A professional investigation in 10 of the 16 federal states of Germany, corresponding to 2022, indicates that five people per day were the target of far-right, racist or anti-Semitic violence. 2,871 people were directly affected by the 2,093 attacks in Mecklenburg, Brandenburg, Berlin, Saxony, Saxony-Anhalt, Thuringia, Baden-Württemberg, Hamburg, North Rhine-Westphalia and Schleswig-Holstein. Robert Kusche, member of the Association of Counseling Centers for Victims of Far-right, Racist and Anti-Semitic Violence and director of the Regional Offices of Education, Integration and Democracy of Saxony, said that this is “a new increase in the number of attacks.” Among the victims, 520 were children and adolescents, almost double compared to 288 in 2021. Crimes for injuries increased, there was one murder and 17 attempted homicides. Anti-Semitic attacks have quadrupled, from 54 in 2021 to 204 in 2022.

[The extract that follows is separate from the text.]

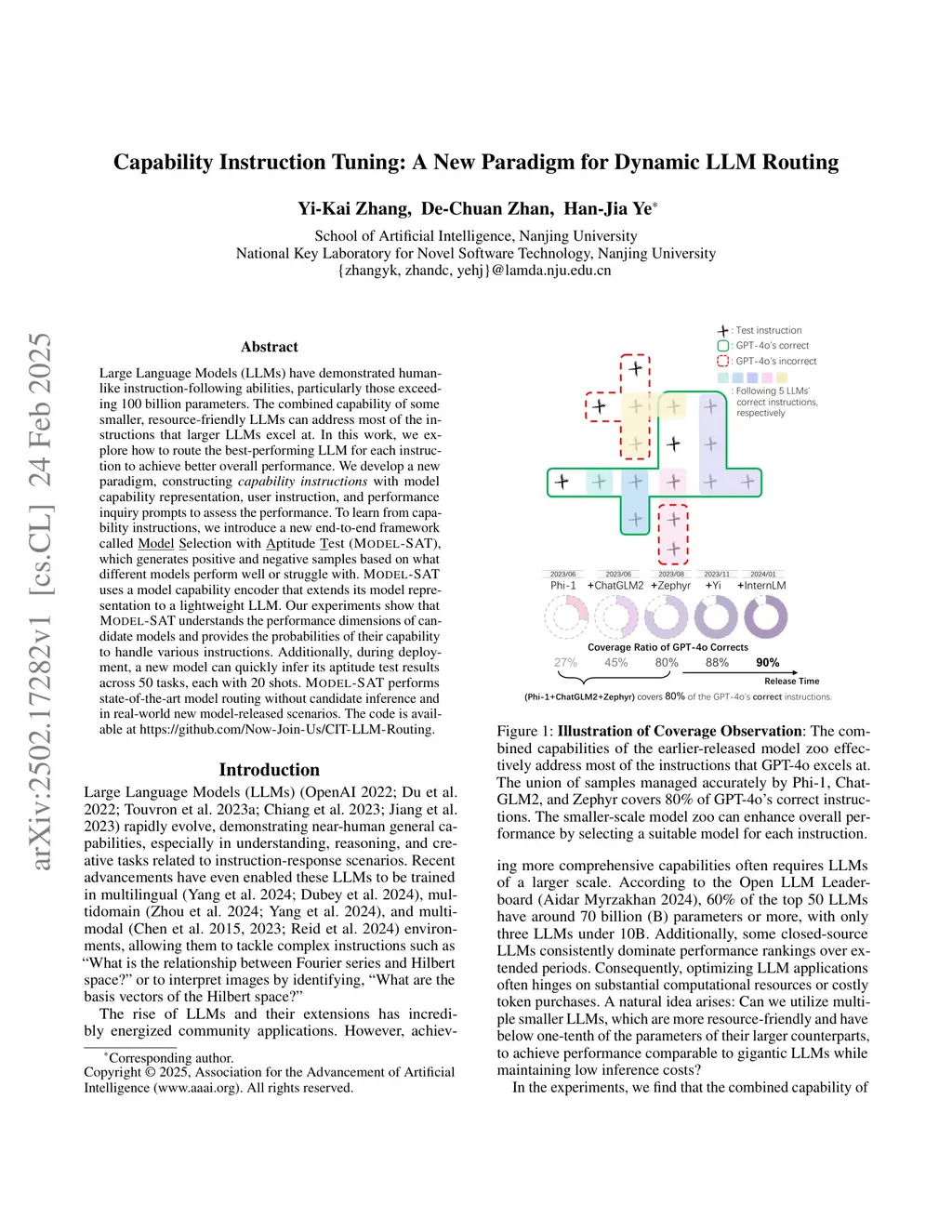 Large Language Models (LLMs) have demonstrated human-like instruction-following abilities, particularly those exceeding 100 billion parameters. The combined capability of some smaller, resource-friendly LLMs can address most of the instructions that larger LLMs excel at. In this work, we explore how to route the best-performing LLM for each instruction to achieve better overall performance. We develop a new paradigm, constructing capability instructions with model capability representation, user instruction, and performance inquiry prompts to assess the performance. To learn from capability instructions, we introduce a new end-to-end framework called Model Selection with Aptitude Test (Model-SAT), which generates positive and negative samples based on what different models perform well or struggle with. Model-SAT uses a model capability encoder that extends its model representation to a lightweight LLM. Our experiments show that Model-SAT understands the performance dimensions of candidate models and provides the probabilities of their capability to handle various instructions. Additionally, during deployment, a new model can quickly infer its aptitude test results across 50 tasks, each with 20 shots. Model-SAT performs state-of-the-art model routing without candidate inference and in real-world new model-released scenarios. The code is available atthis https URL

Kusche was categorical in his statements so that there are no doubts. He said: “The poor and incomplete registration and recognition by the police and justice of racism, anti-Semitism and far-rightism as motives of crime hides the extent of the threat and the dimensions of far-right violence and leaves those affected defenseless.” To make the picture worse, the lawyer and head of the Ombudsman’s office in Berlin, Doris Liebscher was lapidary: “Too often, victims of racist and anti-Semitic violence are attributed guilt or co-responsibility in an attack, and to this is added that, above all, racist motives are hardly recognized as such or are not taken into account by the investigative authorities. nor the courts, which leads the victims to choose not to denounce.”

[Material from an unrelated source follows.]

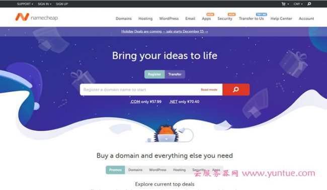 namecheap这家来自国外的域名注册商,在国内站长间的口碑还是非常不错的,性价比高还有诸多优惠活动,几乎每个月都会有优惠出现,云服务器网(yuntue.com)小编刚刚发现最新的2020年12月优惠码又更新了,特来整理一下,方便大家更好的选择。

This context means that no one can be surprised by what happened at the Mercedes Benz Arena in Berlin this week. The musician and anti-Semitic militant Roger Waters adorned his presentation there adding all the aggressions, grievances, brutalities, that a society or blind or accomplice or both can allow, and even more, to applaud and cheer. The Mercedes Benz Arena was this week Munich 1933. Waters arrived on stage dressed in the SS uniform. Waters hung a pig again, but this time with legends, it’s not something that someone didn’t understand the message, and the legends together with caricatured businessmen as in Der Sturmer said that “they pull the piolas to lead the world.” Waters put on the screen the name of a journalist who died in the West Bank during an armed confrontation and equated her death with that of Anne Frank. In 2023, in the capital of Germany, Nazism returned from the hand of an Englishman who fervently supports Putin, applauds every massacre in Ukraine and hates Jews with Hitler’s fervor. In 2023, in the capital of Germany, the SS uniform was seen again with impunity on a stage, while thousands and thousands howled in delirium in the 1930s. In 2023, in the capital of Germany, the Shoah was trivialized as much as possible, 6 million murdered Jews were spat on and the memory of Anne Frank and one and a half million Jewish children killed by the Nazi hordes were trampled on.

Everything that from now on more can say, if they dare, the authorities of the country and the city, is missing. No excuse is credible. They were left to a racist, anti-Semitic, defender of war criminals to commit without limits, crimes that, at least in Germany, were supposed until this week, which are serious. Waters is the instigator, the one who wants the same thing as Iran or Hitler: to wipe out the Jews, wherever they are. Who stopped the instigator? Who prevented the perpetration of the sum of all hatreds? That’s not freedom of expression. Ridiculous. Wearing a Nazi uniform, mocking the Holocaust, making speeches (not songs) so that the howling crowd comes out to increase the number of victims of Nazi violence in Germany, that is very far from freedom of expression. That’s aggression. Eighty years after the uprising of the Warsaw Ghetto, 85 years after The Night of the Crystals, this week, in Berlin, the Nazis threw a party about the ashes of the victims of the Shoah. Don’t even think about babbling explanations. It is definitely unforgivable.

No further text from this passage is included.